Tendon and Ligament Injuries
About tendons and ligaments
- A tendon is made of fibrous connective tissue and attach muscles to bones. The primary function of a tendon is to transmit the mechanical force of muscle contraction to the bones. In other words, a tendon serves to move the bone to which it is attached. With advanced age, tendons become more prone to degeneration followed by injuries. Tendon repair often requires lengthy rehabilitation, especially in the elderly.
- A ligament is made of fibrous connective tissue that attaches bones to bones and bone to cartilage, and usually holds together structures. The primary function of ligaments is to provide joint stability and maintain joint position. Think of the main knee ligaments – the anterior and posterior cruciate ligaments. They connect the thigh bone to the shin bone and keep the knee stable so you can walk and support your weight.
About Soft Tissue injuries
Tendons and ligaments are soft tissues. There are two categories of soft tissue injuries: Acute and overuse injuries. Acute injuries involve trauma, while chronic injuries result from overuse and repetitive motions that occur so regularly that they can cause bursitis and tendonitis.

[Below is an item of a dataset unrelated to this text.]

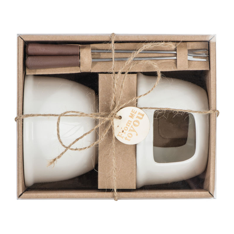 Kerámia csokoládé fondü készlet 2 fondü villával. Helyezzen gyümölcsöt vagy kekszet a csokoládéba, és élvezze ezt a gyönyörű ajándékcsomagot.

Many acute soft tissue injuries of ligaments and tendons can be treated conservatively with rest, ice, compression, elevation and over the counter anti-inflammatory medications, bracing, and physical therapy. The most severe strains and sprains may require surgical repair.
What are common types of tendon and ligament injuries?
Tendons and ligaments in the upper and lower limbs are some of the most common sites for musculoskeletal injuries during physical activity including sports and in laborers such as painters, and gardeners who perform repetitive motions.
About Ligament Sprains
A sprain is a stretching or tearing of the ligament. The severity of the sprain is graded depending on the level of damage.
- A first-degree sprain is a stretched ligament causing microscopic damage but no instability.
- A second-degree sprain is a partial tear of the ligament with symptoms and only mild instability.
- A third-degree sprain is a complete tear of the ligament. A severe sprain can be confused with a fracture. A ligament tear can occur in the middle of the ligament or at one end where it attaches to bone. If the tear is at the bone it can cause an avulsion fracture, an injury that tears a piece of bone torn off with the ligament.
What causes a ligament sprain?
Sprains are usually caused by forcing the joint out of its normal range of motion which stretches the ligaments too severely. Sprains are often the result of a trauma like a fall or a sports injury that forces a joint out of its normal range such as twisted ankle from walking on an uneven surface, or sudden changes in direction with the foot planted.
What are the symptoms of a ligament sprain?
Ligament sprains typically affect the ankle, knee, and wrist. Symptoms of a ligament sprain include pain, swelling and bruising and commonly affect the ankle, knee, and wrist. Other symptoms include stiffness, reduced range of motion, inability to bear weight or use the joint normally, and hearing or sensing a pop at the time of the injury.
Common ligament sprains
- Injuries to knee ligaments including the anterior cruciate ligament (ACL).
- The ankle is one of the most commonly sprained joints.
- Wrist sprains happen for all sorts of reasons, from sports like skateboarding and gymnastics, to slipping and falling and reaching out to stop yourself.
About Muscle and Tendon Strains
Tendons suffer strains. A strain is a twist, pull or tear of a muscle or tendon. Strains typically occur at the junction where the muscle and the tendon meet. A strain is commonly called a pulled muscle. The legs, ankles, hands, and elbows are common sites of strain injuries. The most common type of injury to tendons is tendonitis, an overuse injury. It is characterized by activity-related pain, local tenderness and decreased strength and movement.
What causes strains?
Strains often occur during sports like soccer but can also occur from repetitive motions as are found in tennis and golf, or from lifting a heavy object including weightlifting, slip and falls, running, jumping, and throwing.
What are the symptoms of a strain?
Strains can be a mild stretch or a partial or complete tear. Symptoms include loss of function, pain and tenderness, swelling, bruising, cramping, muscle weakness and reduced range of motion. Strains typically occur in the low back, groin, calf, and in the hamstring muscles on the back of the thigh.
What are some common tendon strains?
- Achilles tendonitis is the most common tendon strain. The Achilles tendon connects your calf muscle to the heel of your foot. A complete rupture of the Achilles tendon may cause severe pain and makes it impossible to walk.
- Wrist tendonitis is inflammation of the tendons that connect the bones of the lower arm to the bones in the fingers. This affects the ability to grip objects and move the fingers.
- Tennis or Golfer’s elbow is tendonitis of the forearm muscles that attach to outside or inside of the elbow.